Kinematics-Aware Latent World Models for Data-Efficient Autonomous Driving
This paper proposes a kinematics-aware latent world model for autonomous driving, explicitly injecting vehicle physical states and geometric supervision into a Dreamer/RSSM-style world model to improve data efficiency…
Summary
This paper proposes a kinematics-aware latent world model for autonomous driving, explicitly injecting vehicle physical states and geometric supervision into a Dreamer/RSSM-style world model to improve data efficiency and long-horizon imagination quality. The core idea is to make the latent state not only reconstruct pixels, but also encode lane and neighboring-vehicle structure that is critical for driving decisions.
Problem
- Reinforcement learning for autonomous driving is data-expensive, and real-world interaction carries safety risks, while purely model-free methods typically require a large number of environment steps to converge.

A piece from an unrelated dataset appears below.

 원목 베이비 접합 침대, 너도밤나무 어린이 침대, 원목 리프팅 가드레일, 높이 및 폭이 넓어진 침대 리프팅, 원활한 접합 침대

- Although existing pixel-driven world models can perform imagination in latent space, they often lack explicit constraints on spatial geometry and vehicle kinematics, leading to unstable long-horizon prediction and insufficient physical consistency.

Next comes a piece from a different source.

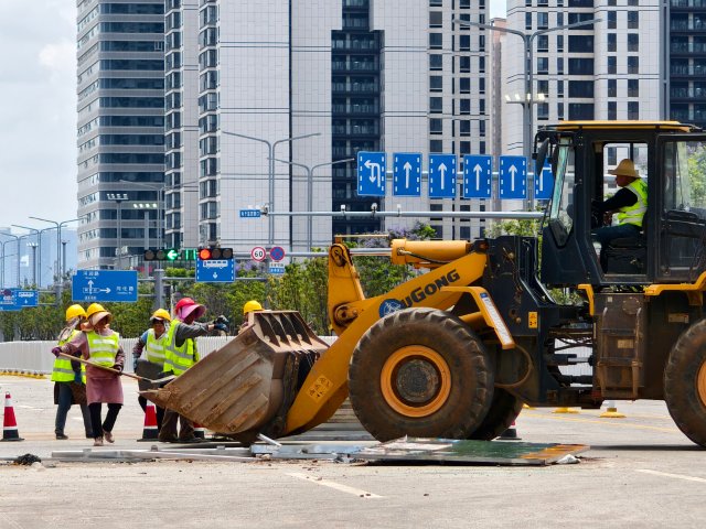 工人们或推、或拉、或撬,在机械的配合下,围挡构件被有序归置——这是通车前“最后一公里”攻坚的“微观切片”。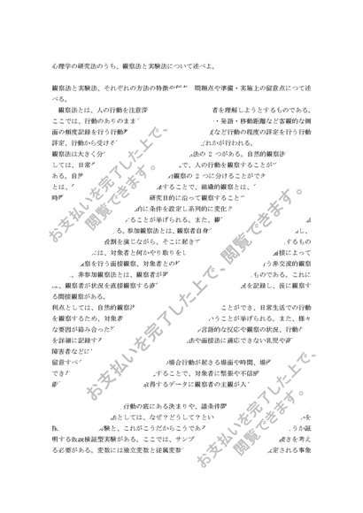 【A判定】心理学研究法②(東京福祉):心理学の研究法のうち、観察法と実験法について述べよ。

- This matters because closed-loop driving decisions depend on accurate representations of lane boundaries, relative heading, neighboring vehicle positions, and speeds, while these key signals occupy only a small portion of the image.
Approach
- Build the world model based on RSSM/DreamerV3: input a front-view camera image and 5-dimensional vehicle physical variables (speed, steering angle, action history, yaw rate), encode them separately with a CNN and MLP, then concatenate them into an observation embedding.
- Use RSSM to learn latent dynamics, simultaneously predicting reconstruction, reward, and continuation signals in latent space, and train an actor-critic policy through imagined trajectories without interacting with the real environment at every step.
- Add a lane supervision head to predict left/right lane-boundary distances and relative lane heading angle; add a neighboring-vehicle supervision head to predict the relative positions and relative velocities of up to 3 surrounding vehicles.
- These auxiliary heads are used only during training, and their gradients regularize the latent state through backpropagation, making the latent representation better match geometric structure and interaction semantics rather than optimizing only for pixel reconstruction.
Results
- In MetaDrive simulation, the authors' method reaches a stable high return close to 200 return within 80,000 real interaction steps; by comparison, PPO requires 300,000 steps, and its convergence level is still below 150.
- In the ablation study, ImgOnly achieves 176.5 / 0.17 average return/success rate; after adding lane and neighboring-vehicle supervision (Img+Head), this improves to 193.6 / 0.33, i.e., about a 9.7% gain in average return and a 16 percentage point increase in success rate.
- The full model Img+Head+Phys reaches 217.2 / 0.49; this is about a 12.2% further gain in average return over Img+Head, and about a 23.1% total gain over ImgOnly.
- When the reward/continuation heads are removed but physical inputs and geometric heads are retained, performance drops to 172.6 / 0.18, showing that reward and termination modeling are also critical for policy learning.
- Qualitative results show that ImgOnly produces blurry neighboring-vehicle positions and incorrect lane-line types; the full model generates more stable, physically plausible imagined trajectories and better preserves neighboring-vehicle and lane semantics.